Contributed by Ugly
The Turnbull government is going ahead to privatise the 000 emergency calls service, even though its own review, released last year, recommended holding off, because of a risk that it could reduce the ability of the service to operate well.
From the government side, it is suggested that the service is not being privatised. It may be that assets are not being specifically sold off. In practical terms, the difference is that they will continue to be paid for and maintained by the taxpayer, as they are turned over to be used as the private property of a private business.
This is still privatisation and to call it anything else is a load of rubbish.
The service currently operates through the now privately owned, Telstra network. This is likely to continue, since Telstra has the best coverage across the whole of Australia.

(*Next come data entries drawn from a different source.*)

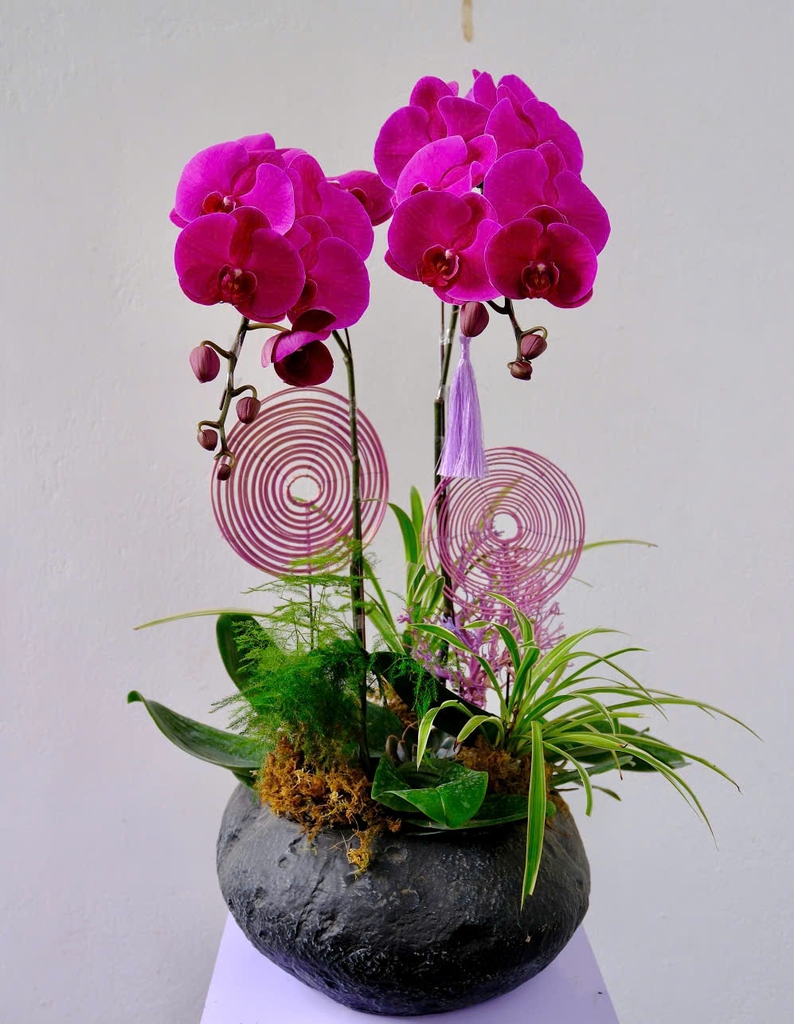 Tinh giản mà quyền quý, Royal Serenity tỏa sáng với sắc tím sang trọng của Phalaenopsis Orchid (lan hồ điệp) – biểu tượng của sự thành đạt và phong thái đĩnh đạc. Hai nhánh hoa vươn thẳng như đôi cánh kiêu hãnh, nhẹ nhàng rủ xuống với nét mềm mại đầy cuốn hút. Xen giữa là Asparagus Fern (dương xỉ mảnh mai) và Succulent Plant (sen đá) – tạo nên bản hòa ca của sức sống và sự điềm tĩnh. Trong chiếc chậu đá đen nhám mang dáng dấp hiện đại, tác phẩm như một lời khẳng định tinh tế về đẳng cấp của người sở hữu.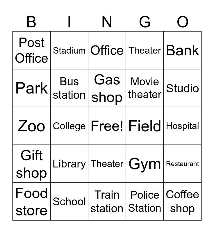 This bingo card has a free space and 24 words: Library, School, Gas shop, Food store, Bank, Post Office, Park, Stadium, Field, Theater, Movie theater, Zoo, Gym, Restaurant, Bus station, Police Station, Hospital, Office, Studio, College, Coffee shop, Gift shop, Theater and Train station.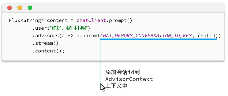3.到了这一步其实已经有了会话记忆功能,但是并不能分辨出是不同的用户,需要通过id进行分辨: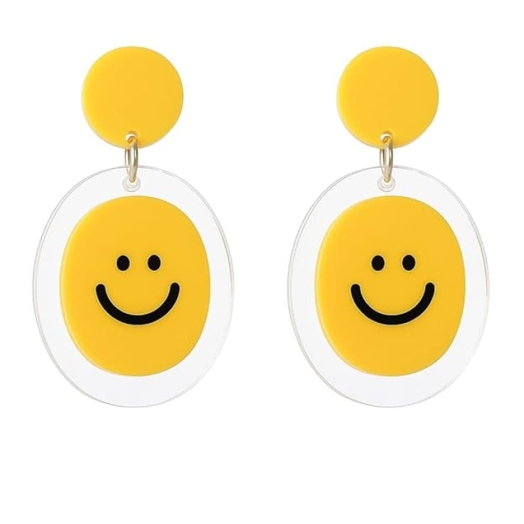 The vibrant yellow smiley face design spreads cheerful vibes, while the transparent acrylic base gives them a modern, stylish look. Lightweight and comfortable, they are easy to wear all day long without causing strain on your ears.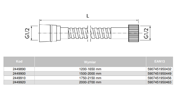 Wąż elastyczny VALVEX Protect stal nierdzewna, dł. 150-200cm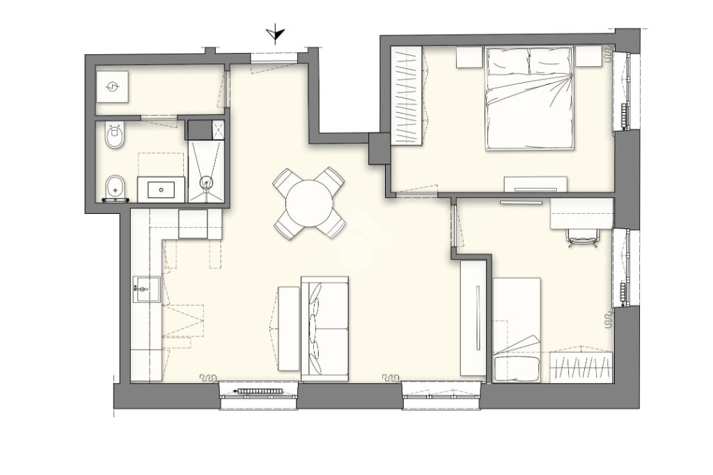Il Trilocale, ottimizzato in ogni suo spazio, è composto da un comodo soggiorno con angolo cottura, due camere da letto perfette per ogni esigenza abitativa, una pratica zona
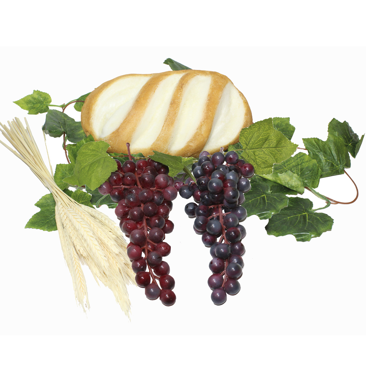 - 02 Cachos de uvas artificiais, em plástico (tipo silicone), com 24cm de comprimento.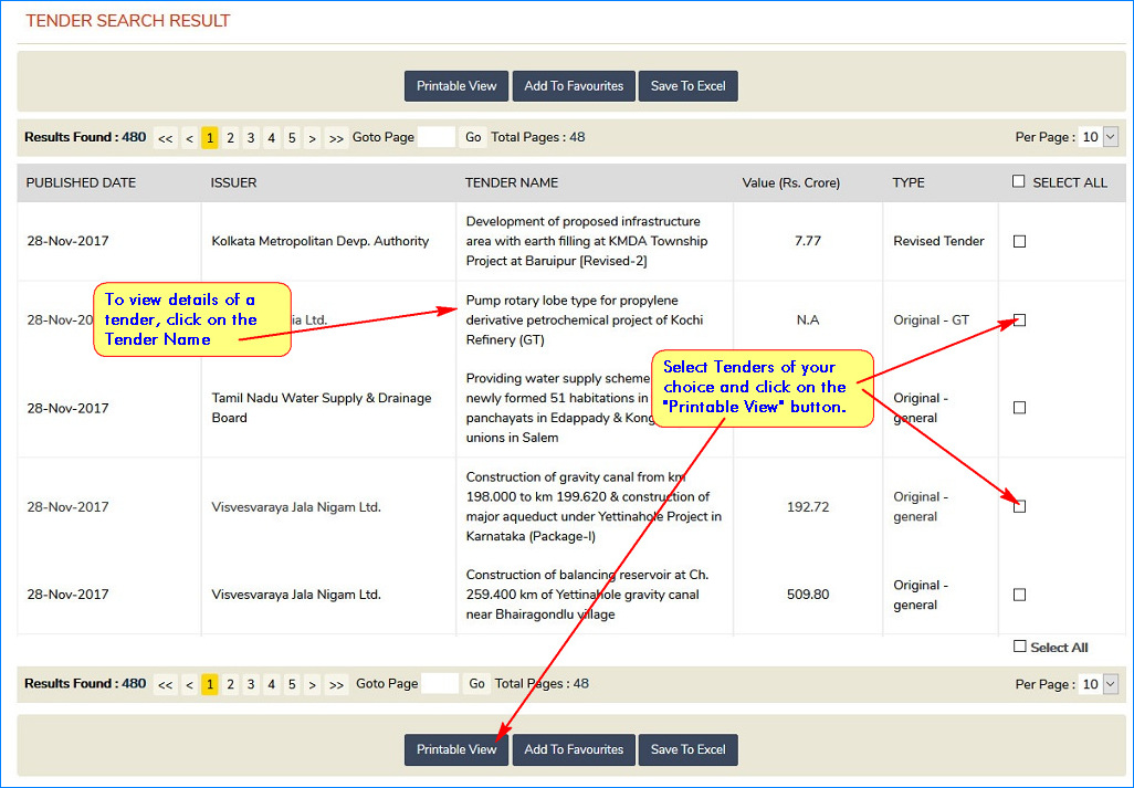 - To view details of more than one Tender select the respective boxes found at the end of the Tender names and click on Printable View button.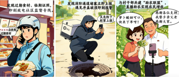 6.在街巷阡陌,新就业群体劳动者以脚步为墨,绘就基层治理新图景,用职业作笔,晕染共建共治微星光: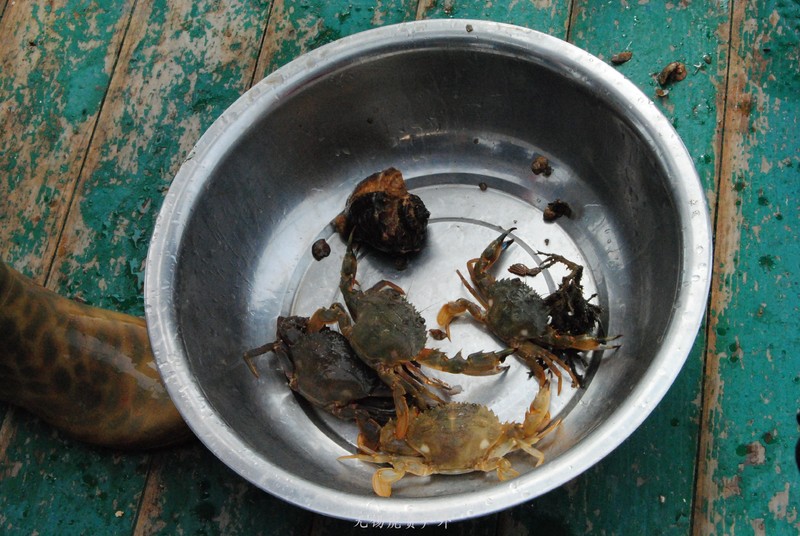 第一网拉上来,就一些螃蟹海螺。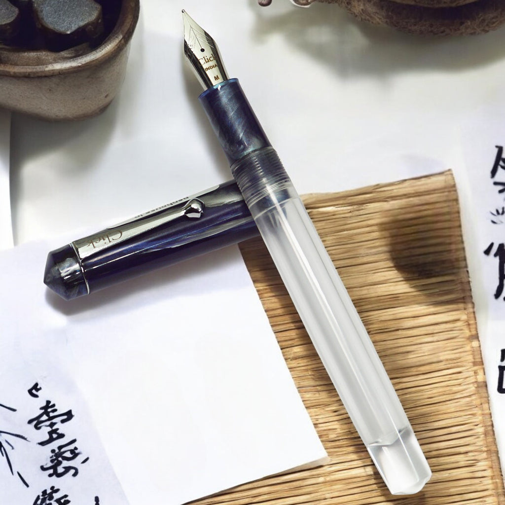 The Click Aristocrat HT Fountain Pen is a transparent Body With Marble texture cap & grip section. CLICK are Indian manufactures of quality Fountain Pens. The pen is completely handcrafted with chrome plated. All Click Pens have classic designs with a modern twist. Pen comes fitted with converter & 2 long blue cartridges are also supplied with pen. Pen is designed with a unique 3 in 1 ink filling mechanism. pen can be used as a eyedropper pen (u can fill ink directly into barrel) or u can use converter with pen or u can also use cartridge with the pen, that is really a very unique thing of this pen. Smooth writing high quality nib. The Aristocrat series is available exclusively as a fountain pen, with a choice of Extra Fine, Fine, Medium, Broad, Zoom & Fine Flex nib widths.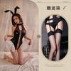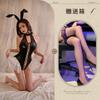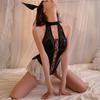 Sexy underwear patent leather splicing mesh bunny straps cross ruffle edge onesie open placket sexy tight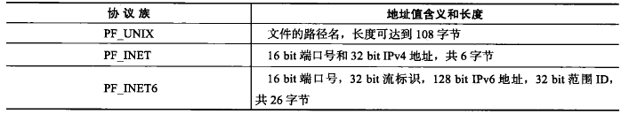 sa_data成员用于存放socket地址值。但是,不同的协议族的地址值具有不同的含义和长度,如下图所示。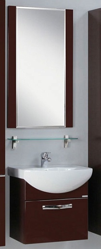 Описание: влагостойкое зеркальное полотно с декоративными планками шоколадного цвета из ЛДСП. Навесы в комплекте.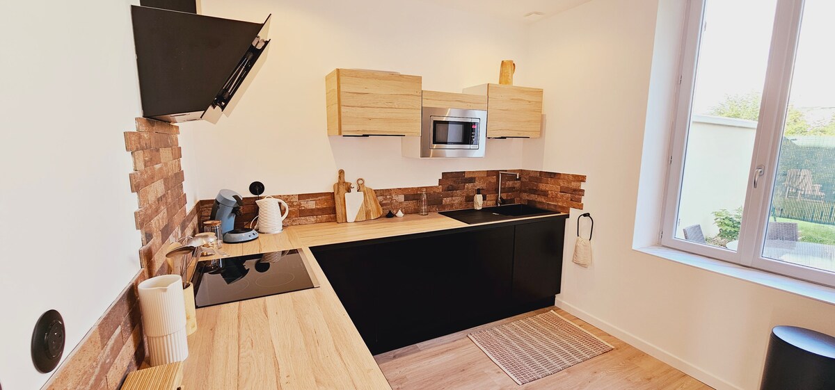 Bienvenido para una escapada en pareja o una estadía relajante ✨ El alojamiento incluye una habitación luminosa, con una cómoda cama doble, una acogedora sala de estar, televisión y zona de comedor con té Baño con ducha y WC 🕌 Espacio de bienestar (en + 50€/noche) 💨Hammam,🧴 jabón negro, guante de estuche, té y frutos secos 🌳 Exteriores cerca del bosque, ideal para paseos en bicicleta🚲 por los senderos de los alrededores (préstamo gratuito) Cerca de la tienda de comestibles, la panadería y la estación de tren 🌞 En el exterior Terraza amueblada y barbacoa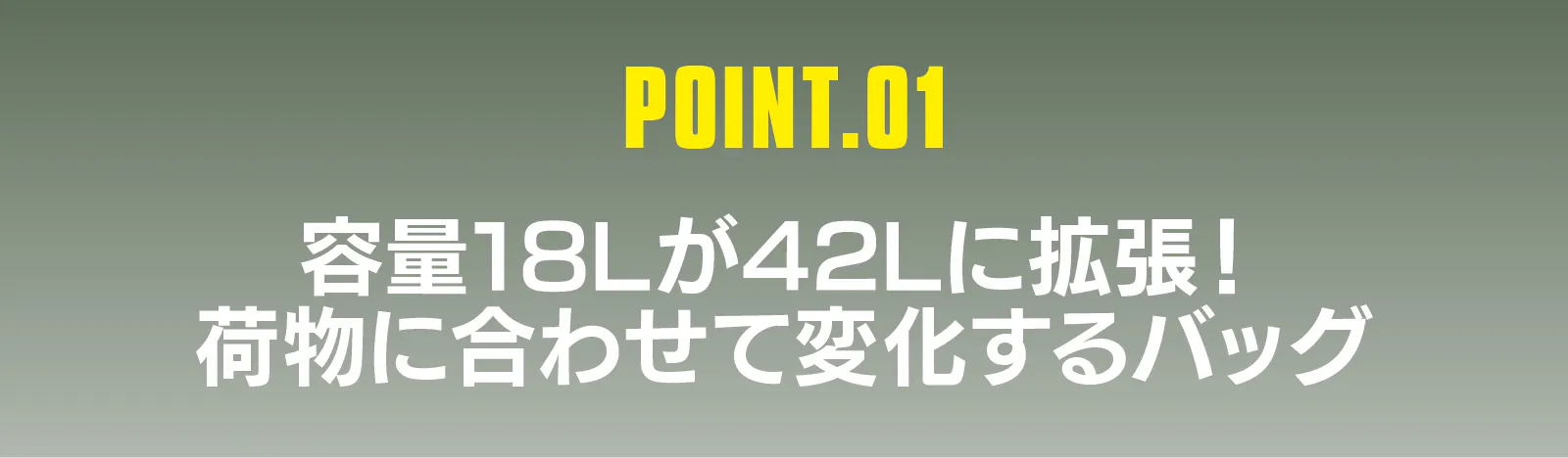 【FLEXY】は、18L・30L・最大42Lへとシーンに合わせて最大230%も容量を自在に変化できる多機能バックパックです。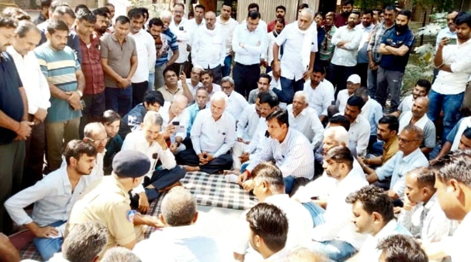 आरोपियों की गिरफ्तारी की मांग, सर्व समाज का एमडीएम मोर्चरी के बाहर धरना प्रदर्शन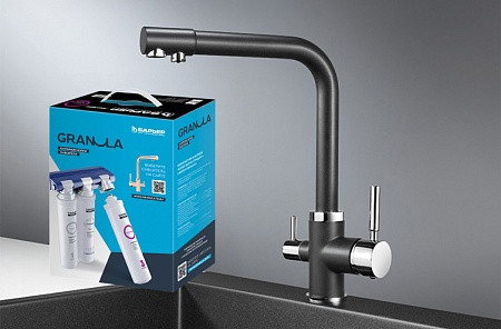 Комплект: Смеситель Granula GR-2015 черный для кухни + Фильтр Granula ("Барьер ЭКСПЕРТ")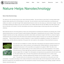 Is nanotechnology present in our everyday lives? This is the question the website looks to address. Presented by the National Nanotechnology Coordinated Infrastructure, this page highlights many aspects of nanotechnology that we experience on a daily basis. Such things as a moth’s eye or a butterfly’s wing do not immediately conjure up ideas about nanotechnology, but this demonstration will change that. Many natural marvels give engineers ideas about new technology and even how to better use current. Even though brief, this site examines an important, and mostly overlooked, area of nanotechnology.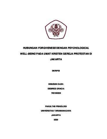 Gracia, Desiree (2022) Hubungan Forgiveness Dengan Psychological Well-Being pada Umat Kristen Gereja Protestan di Jakarta. Skripsi thesis, Universitas Tarumanagara.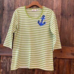 Beautiful NWT Nautical Lime Green Stripe Top with a blue sequined anchor.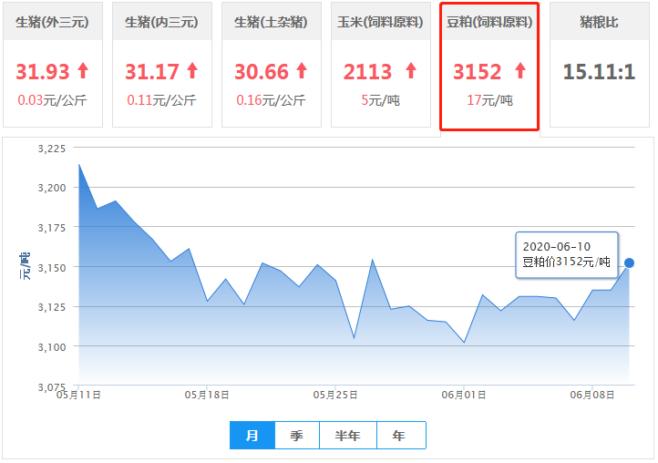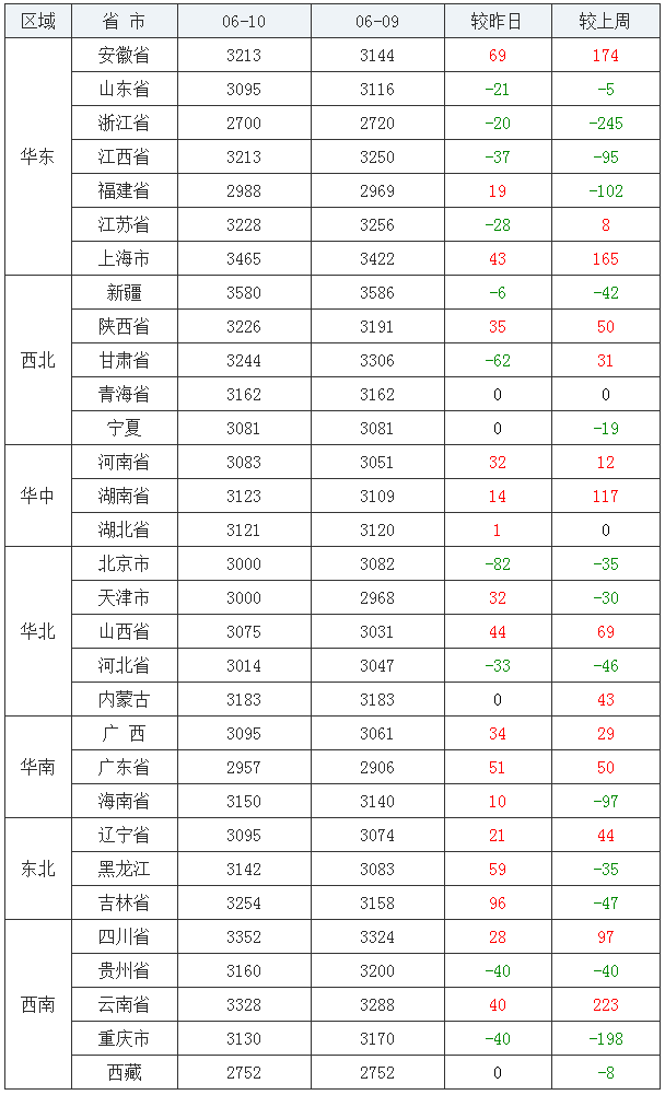 豆粕均价(饲料原料)前十:新疆维吾尔自治区3580元/吨、上海市3465元/吨、四川省3352元/吨、云南省3228元/吨、吉林省3254元/吨、甘肃省3244元/吨、江苏省3228元/吨、陕西省3226元/吨、江西省3213元/吨、安徽省3213元/吨;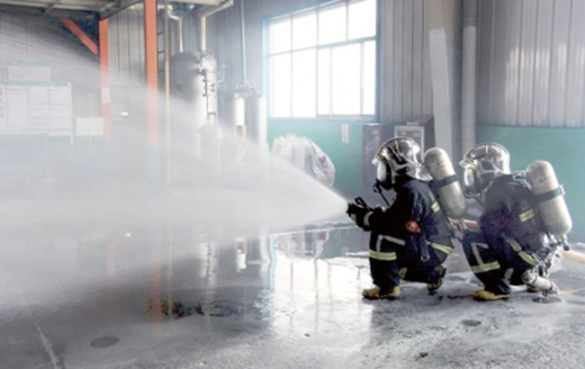 6月29日,五征农用车事业部涂装二车间,消防员正在车间“灭火”。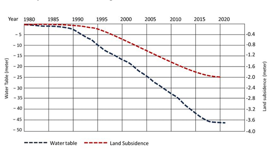 Penurunan ini lebih tinggi dibandingkan dengan Jakarta dan kota pantura lainnya. Hal tersebut disebabkan oleh struktur geologi tanah aluvial yang rentan akibat perubahan iklim. Dampak perubahan iklim ini bukanlah faktor tunggal, pengambilan air tanah yang eksploitatif turut mengakibatkan penurunan tanah (Saputra dkk. 2025). Eksploitasi air berkaitan erat dengan laju aktivitas urbanisasi dan pesatnya perkembangan industri di perkotaan (Saputra dkk. 2025).

Holding off was recommended, on the basis that there needs to be a changeover to new technology that matches the fact that most calls are now made from mobile phones. Modernisation would allow the transfer to an updated digital system, which is integrated with GPS, to locate the place of an emergency.
Such a changeover would bring in an IP based telecommunications environment during the next 5 to 10 years, replacing the circuit switched voice network now in operation.
A decision has not yet been made on how this is going to be achieved and what the specific goals are. The presented argument for holding back was that there needs to be better clarity “on the desired future directions of triple zero,” with the suggestion that “without such clarity may place at risk the current successful delivery model and could also result in a protracted period of negotiation with the successful bidder, the current operator and other jurisdictions”.
In its eagerness to unload the service to private providers, the government is in no mood to wait for even this. A tender has gone out to reconstruct the service, before the needs have been properly worked out. Now a different tender is to go out to find an operator.
This is going to cost taxpayers dearly. An absence of clarity, as to what needs to be done and lack of transparency, is a recipe for the private sector to maximise its reward in return for the least effort.
More important still is that even if the changeover had been complete, it will remain that taxpayer dollars will still cover the operation. It will not save money and will cost more, because a profit margin must be factored in. No doubt this will be locked into any contract, and we will not be allowed to see the details, because of the commercial in confidence argument.
The usual argument of bringing in a competitive market does not apply, because there van only be one integrated service.
Privatisation will create a private monopoly, which will be run as cheaply and possible and the focus on protecting lives will become secondary to the focus on maximising profit. This is the main argument against privatisation and in this case, it has the potential to put lives at risk.